Photo of the cartridge used to inject the graft into the anterior chamber. The cartridge is mounted on an injector (not shown in the figure) to deliver the donor tissue into the recipient's eye (a). The anterior chamber maintainer is connected to the rubber plug at the rear exit of the cartridge (b). The other end of the anterior chamber maintainer is connected to a 5 ml non-luer-lock syringe to create a one-flow system (c).

Results

We included 5 males and 6 females with a mean age of 72.16 ± 5.71 years (Table 1). Mean follow-up duration was 9.16 ± 1.3 months. DMEK surgery was performed in 6 right eyes and 6 left eyes, 7 subjects (63.6%) had a diagnosis of Fuchs endothelial corneal dystrophy (FECD), 3 (27.3%) had pseudophakic bullous keratopathy (PBK), and one (9.1%) had posterior polymorphous corneal dystrophy (PPCD). Five eyes (42.17%) underwent combined cataract and DMEK surgery, whereas 7 patients (58.3%) were already pseudophakic and underwent DMEK only.
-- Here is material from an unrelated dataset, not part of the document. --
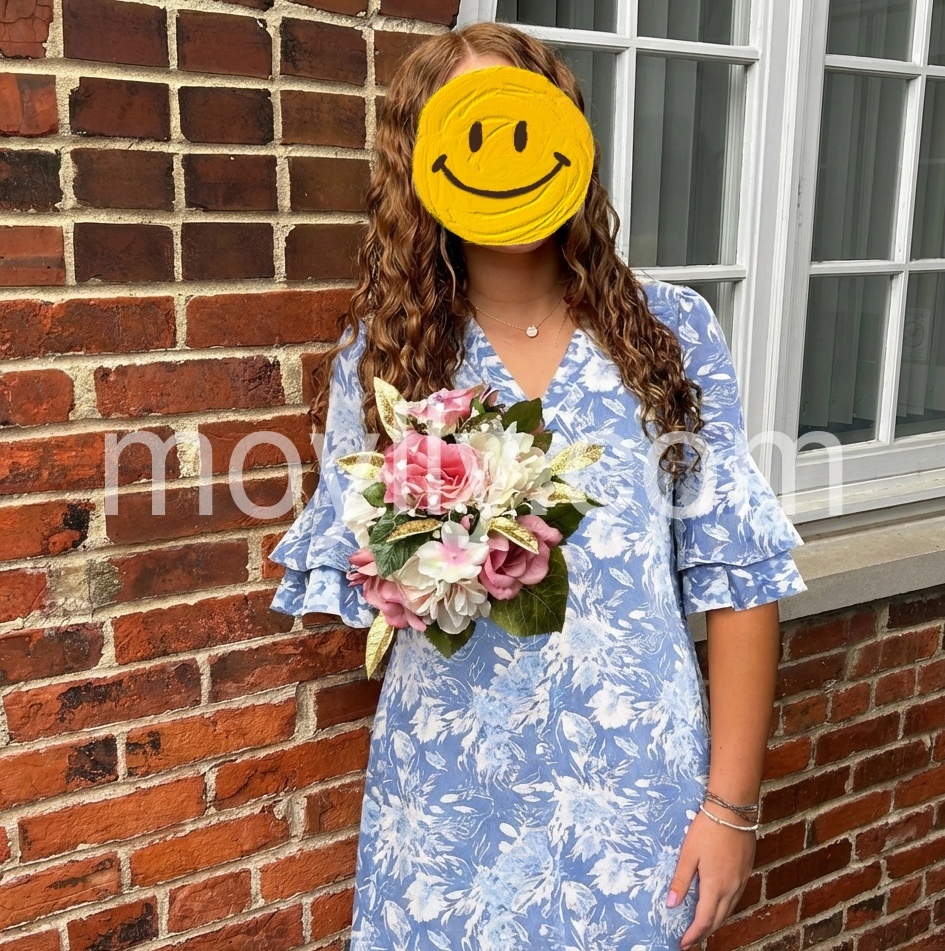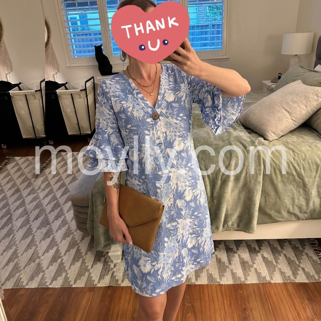 I absolutely love the ruffled bell sleeves on this dress! The blue and white floral print is so fresh and perfect for spring.

BCVA significantly improved from 0.76 ± 0.13 logMAR to 0.22 ± 0.05 logMAR when comparing baseline and follow-up assessment (p = 0.003) (Table 2). At follow-up, the ECD significantly decreased from 2619.00 ± 115.89 cells/mm² to 1688.50 ± 182.20 cells/mm² as compared to baseline (p = 0.002) with a mean endothelial cell loss of 35.69 ± 6.36% (Table 2). No correlation was observed between the endothelial cell loss and the follow-up duration (p = 0.36). Interestingly, there was no correlation between pre- and post-transplant BCVA (p = 0.2), but the graft ECD at follow-up significantly correlated with the number of endothelial cells assessed at baseline (p = 0.04, Spearman's correlation coefficient 0.60). No significant differences were observed when the final BCVA was adjusted for the baseline graft ECD (p > 0.05). Two eyes (18.2%) required rebubbling 1 week after the DMEK surgery for graft detachment, but this intervention had no effect on the final ECD compared to patients that did not require rebubbling (p = 0.883). Finally, we did not observe any significant difference between baseline and follow-up ECD between patients that underwent DMEK or combined phaco-DMEK surgery (p = 0.58).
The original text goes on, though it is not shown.